Four score and seven years ago our fathers brought forth on this continent a new nation, conceived in liberty and dedicated to the proposition that all men are created equal. Now we are engaged in a great civil war, testing whether that nation or any nation so conceived and so dedicated can long endure. We are met on a great battlefield of that war. We have come to dedicate a portion of that field as a final resting-place for those who here gave their lives that that nation might live. It is altogether fitting and proper that we should do this. But in a larger sense, we cannot dedicate, we cannot consecrate, we cannot hallow this ground. The brave men, living and dead who struggled here have consecrated it far above our poor power to add or detract. The world will little note nor long remember what we say here, but it can never forget what they did here. It is for us the living rather to be dedicated here to the unfinished work which they who fought here have thus far so nobly advanced. It is rather for us to be here dedicated to the great task remaining before us--that from these honored dead we take increased devotion to that cause for which they gave the last full measure of devotion--that we here highly resolve that these dead shall not have died in vain, that this nation under God shall have a new birth of freedom, and that government of the people, by the people, for the people shall not perish from the earth.

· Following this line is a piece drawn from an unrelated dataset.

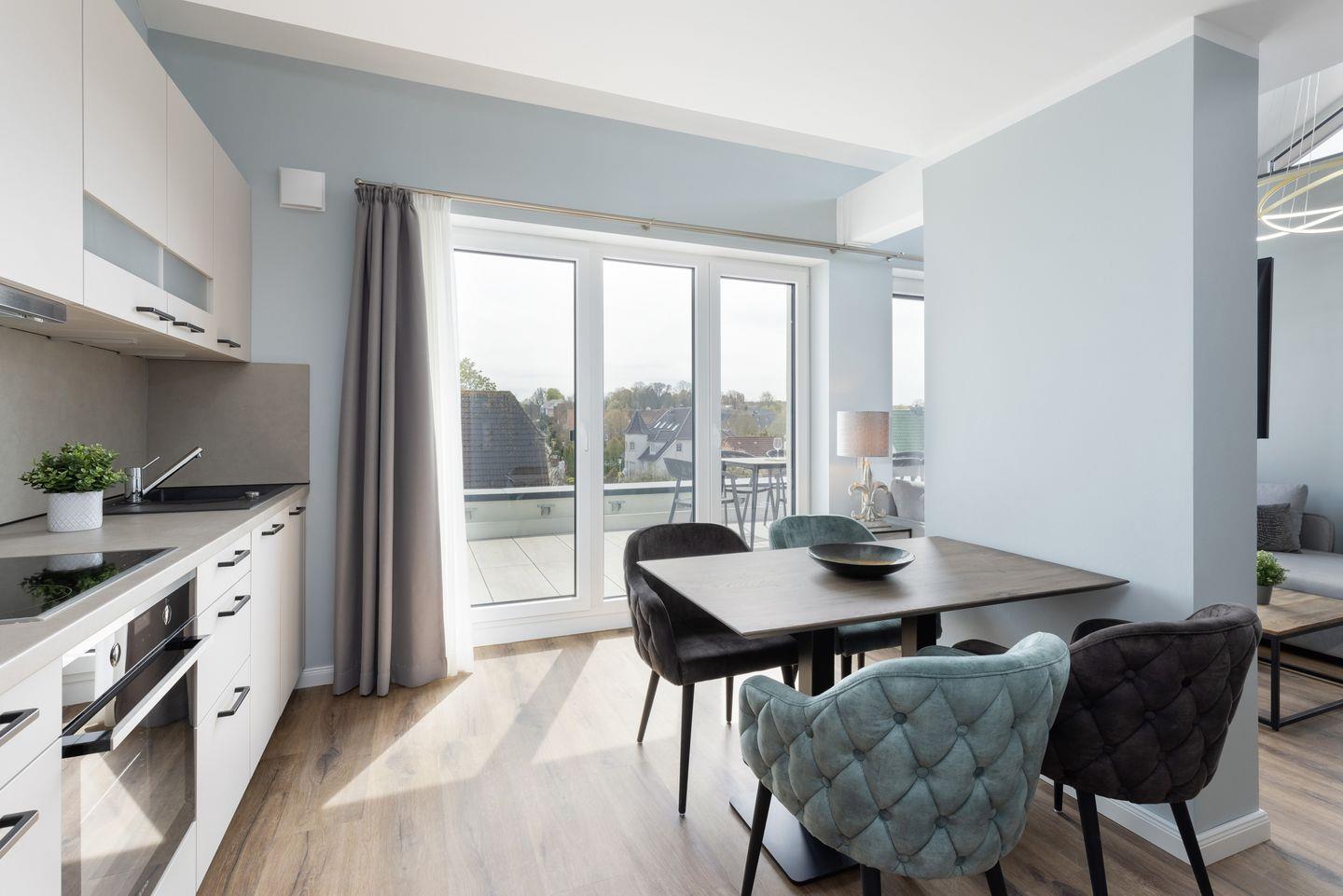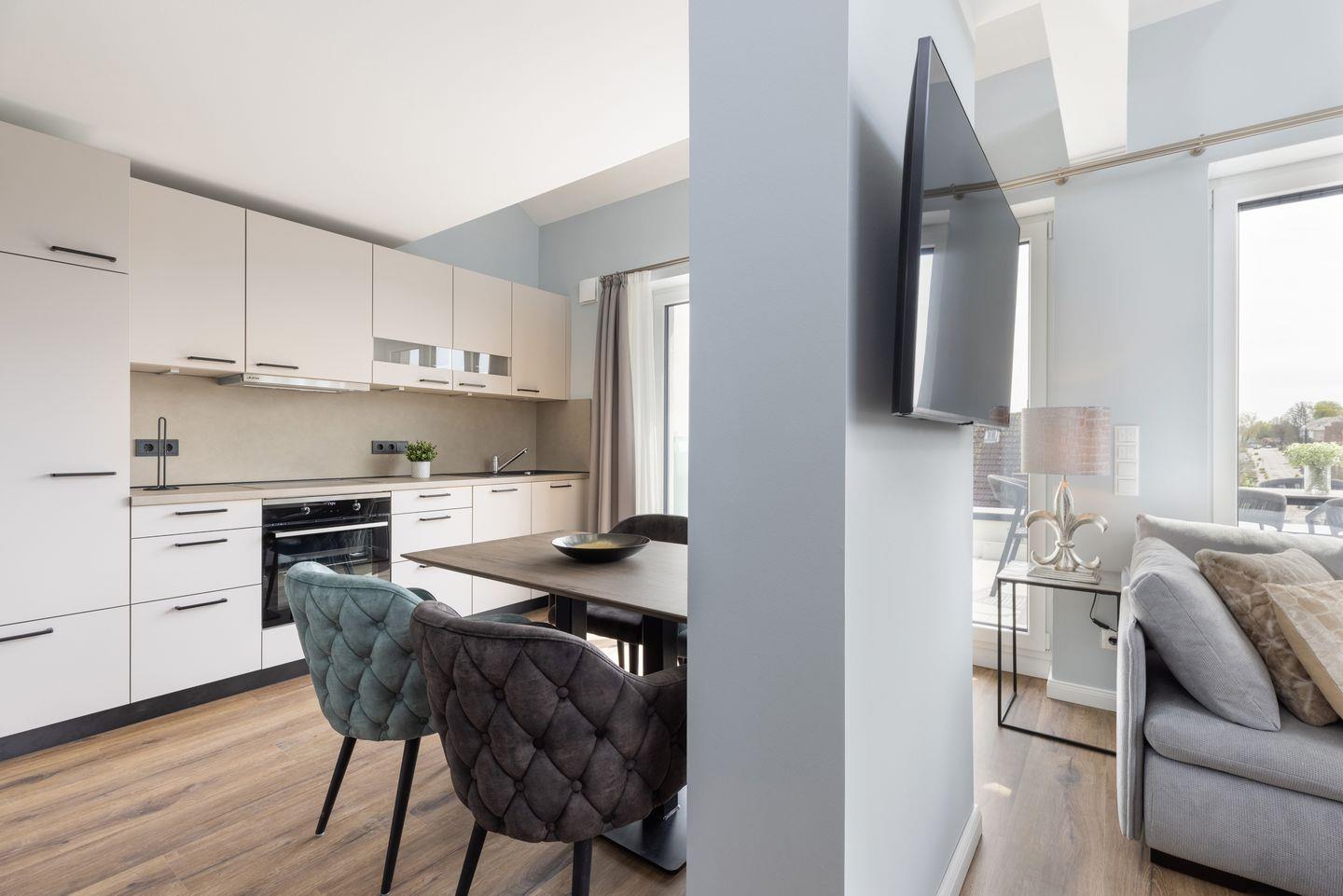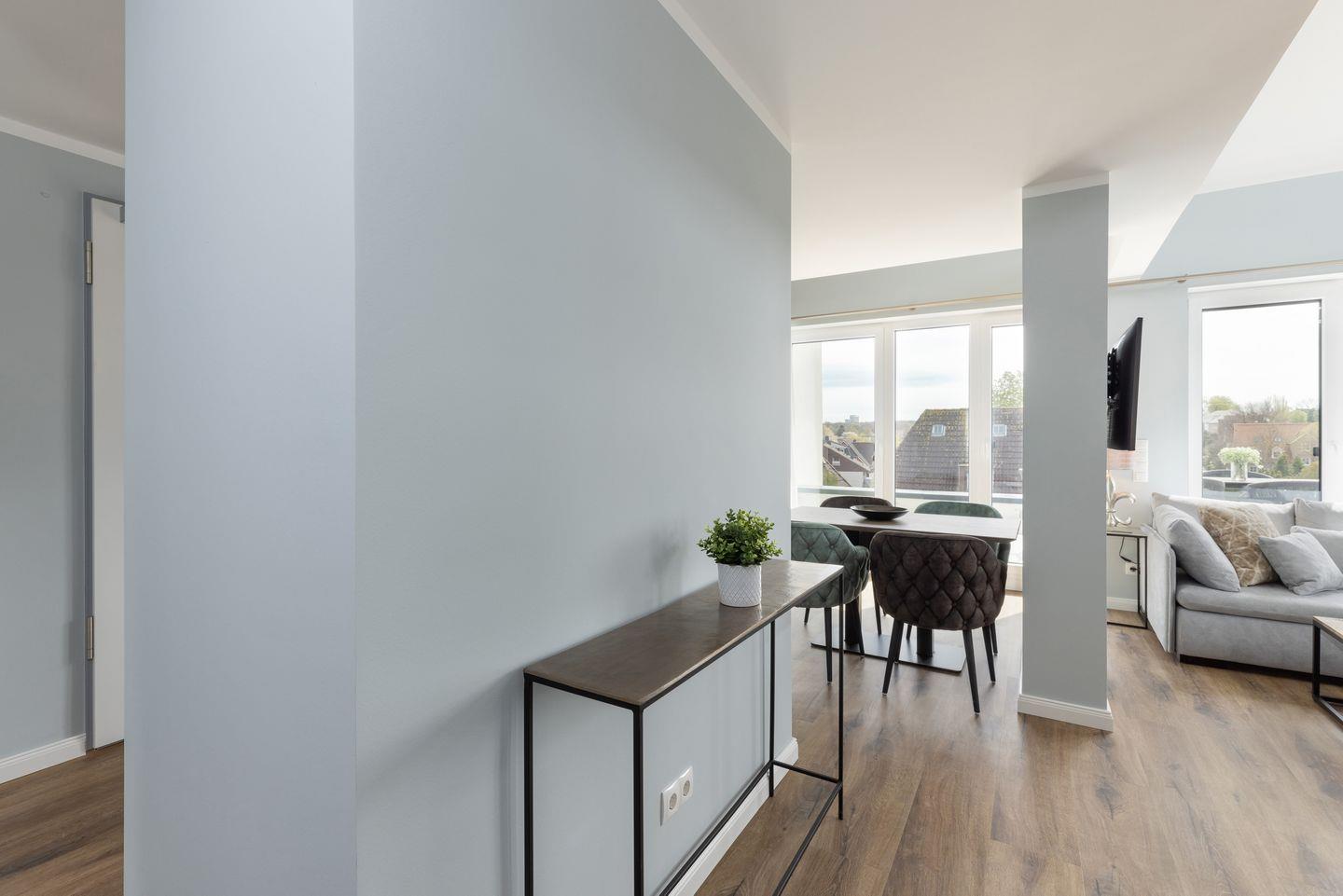 Willkommen in der "Galerie 3", einer Nichtraucher-Dachgeschoss-Wohnung im Appartementhaus "Sturmfrei", die sich im 2. Stock befindet. Diese etwa 75 qm große Ferienwohnung ist mit Farben und Materialien gestaltet, die euch das Gefühl von Himmel, Sand, Treibgut und Meer nahebringen. Der Eingangsbereich mit praktischem Stauraum für eure Garderobe im Wandschrank führt euch zu den gemütlichen Räumen dieser einzigartigen Galeriewohnung. Eine großzügige Fensterfront nicht nur erleuchtet euer Urlaubszuhause, sondern bietet auch Zugang zur Dachterrasse in Südlage, ausgestattet mit einem großen Tisch für sechs Personen, ideal für sonnenverwöhnte Stunden. Falls ihr eine Auszeit von der Außenwelt sucht, bietet das obere offene Galeriezimmer mit einem Boxspringsofa inkl. Schlaffunktion (230 x 120 cm) den perfekten Rückzugsort zum Lesen, Musik hören oder Tagträumen. In der Wohnung gibt es kostenfreies WLAN (bei Störungen kein Anspruch auf Erstattung oder Ersatz).

7.The Declaration of Independence by Thomas Jefferson


When in the Course of human events, it becomes necessary for one people to dissolve the political bands which have connected them with another, and to assume among the powers of the earth, the separate and equal station to which the Laws of Nature and of Nature's God entitle them, a decent respect to the opinions of mankind requires that they should declare the causes which impel them to the separation.









(a)

(b)

(c)

Figure 2: Here are three Hudson automobiles from 1949 (a), 1952 (b), and 1954 (c).




We hold these truths to be self-evident, that all men are created equal, that they are endowed by their Creator with certain unalienable Rights, that among these are Life, Liberty and the pursuit of Happiness. That to secure these rights, Governments are instituted among Men, deriving their just powers from the consent of the governed, --That whenever any Form of Government becomes destructive of these ends, it is the Right of the People to alter or to abolish it, and to institute new Government, laying its foundation on such principles and organizing its powers in such form, as to them shall seem most likely to effect their Safety and Happiness. Prudence, indeed, will dictate that Governments long established should not be changed for light and transient causes; and accordingly all experience hath shewn, that mankind are more disposed to suffer, while evils are sufferable, than to right themselves by abolishing the forms to which they are accustomed. But when a long train of abuses and usurpations, pursuing invariably the same Object evinces a design to reduce them under absolute Despotism, it is their right, it is their duty, to throw off such Government, and to provide new Guards for their future security.--Such has been the patient sufferance of these Colonies; and such is now the necessity which constrains them to alter their former Systems of Government. The history of the present King of Great Britain is a history of repeated injuries and usurpations, all having in direct object the establishment of an absolute Tyranny over these States.